Мудрец острова Саре - Смит Джулия Дин. Страница 17
— Конечно, Тоня. Я поухаживаю за ней, обещаю.
Этот голос! Внутри Атайи все зашевелилось, захотелось окончательно пробудиться и встать, несмотря на гнетущую вялость, которая приковывала ее к земле, словно захоронив под огромным сугробом. Она слышала его во снах и не надеялась услышать снова.
— Не ищи меня, пока не стемнеет, — тихо пробормотала женщина, потом попрощалась, шаги стали удаляться по песку.
Вскоре шипение горячего жира стихло, в кружку, булькая, перелилась жидкость. Атайя почувствовала, как по ее руке прошлась грубая ткань: он сел рядом завтракать. Бекон… роскошный запах вывел ее из онемения, живот забурчал от зависти. Она попыталась вспомнить, когда последний раз ела, но не смогла. В голове мало что осталось. Холодный ветер, запертая келья, ярость. Такая сильная ярость…
Каждая нервная клетка мозга пробудилась и покалывала, словно отходящее от обледенения тело. Слабые мышцы стонали, каждый в отдельности и все вместе, будто она слишком долго несла непомерную ношу. Однако боль постепенно приводила ее в чувство, и девушка подсознательно понимала целебную природу недомогания, которое не опасно, потому что скоро пройдет.
Атайя попытал ась открыть глаза в неимоверном стремлении увидеть, убедиться, что все происходит наяву, а не порождено коварным воображением. Веки не поднимались, их скрепляли высохшие слезы, но она напрягла глаза так сильно, что проступили новые капельки, и цель была тотчас достигнута. Появился расплывчатый вид, словно она смотрела через плохое стекло, но даже по затуманенной картине стало ясно, что она не в заточении и рядом не невеста Божья, пришедшая сопроводить ее на отпущение грехов.
Не сон. Не может это быть сном. Мужчина рядом такой натуральный. Смотрит на огонь и задумчиво потягивает эль из помятой оловянной кружки. Светлая челка ниспадает на глаза подобно водопаду. Он точно такой же, каким Атайя его помнила, разве что несколько измученный и потрепанный.

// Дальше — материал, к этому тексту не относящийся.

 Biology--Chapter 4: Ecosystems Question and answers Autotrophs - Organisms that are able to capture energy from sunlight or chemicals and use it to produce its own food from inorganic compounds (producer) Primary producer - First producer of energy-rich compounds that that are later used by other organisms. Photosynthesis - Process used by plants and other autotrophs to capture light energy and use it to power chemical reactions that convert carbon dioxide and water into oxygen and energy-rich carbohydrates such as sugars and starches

Из-за маленьких морщинок на недавно гладкой коже у него до жалости безрадостный вид.
Принцесса знала, что сказать. Подобрала нужные слова, но губы не хотели слушаться. Во рту был неприятный вкус, язык стал шершавым, словно кожура персика. Воздержавшись от слов, она подняла руку — с огромным трудом, словно плоть превратилась в свинец, — и коснулась его рукава.
Легкое движение напугало мужчину. Эль пролился на ноги, когда он резко повернулся взглянуть на нее, словно на оживший труп.

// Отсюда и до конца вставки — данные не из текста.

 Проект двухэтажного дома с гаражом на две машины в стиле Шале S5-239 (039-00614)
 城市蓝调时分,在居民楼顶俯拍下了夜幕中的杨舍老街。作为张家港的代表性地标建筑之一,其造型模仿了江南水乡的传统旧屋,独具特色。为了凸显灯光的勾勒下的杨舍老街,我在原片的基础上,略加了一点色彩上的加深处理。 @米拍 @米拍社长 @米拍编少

— Джейрен, — послышался сухой хриплый голос. — Это ты? Это в самом деле ты?
Она никак не могла поверить, потому что не один сон уже развеялся впустую…

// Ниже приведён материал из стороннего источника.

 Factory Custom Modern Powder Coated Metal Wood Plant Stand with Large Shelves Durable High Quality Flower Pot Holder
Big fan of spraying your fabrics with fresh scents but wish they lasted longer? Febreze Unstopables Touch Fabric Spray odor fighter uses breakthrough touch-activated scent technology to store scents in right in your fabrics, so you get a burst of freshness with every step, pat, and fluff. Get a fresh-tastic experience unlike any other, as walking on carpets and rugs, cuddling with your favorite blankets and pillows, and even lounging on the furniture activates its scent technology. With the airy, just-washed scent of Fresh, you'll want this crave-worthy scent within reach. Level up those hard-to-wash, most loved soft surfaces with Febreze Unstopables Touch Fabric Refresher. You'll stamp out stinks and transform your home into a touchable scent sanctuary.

— Боже мой, Атайя! — Он отбросил тарелку с кружкой (эль и жир от бекона впитались в песок) и обнял ее, крепко прижимая к себе. — Ты вернулась! Слава Господу, ты вернулась!
Слезы сами по себе полились из ее глаз, и девушка, тяжело дыша, выдавливала из себя слова.
— Они сказали мне, что ты умер. Я так испугалась. Я не была уверена… не могла вспомнить. Но не поверила им, знала, что ты придешь…
Теплота и сила объятий Джейрена окончательно забрали ее из царства грез, но Атайя была слишком истощена, чтобы уйти оттуда надолго. Тело просило покоя, разум путался, уплывая обратно в бессознательное. Но нужно было сказать главное, пока есть возможность. Она упустила уже не одну.
— Я собиралась согласиться, — произнесла принцесса, отчаянно цепляясь за него и наслаждаясь запахом дыма и морской воды от его кожи. — Я хотела, о Боже, еще тогда сказать тебе «да».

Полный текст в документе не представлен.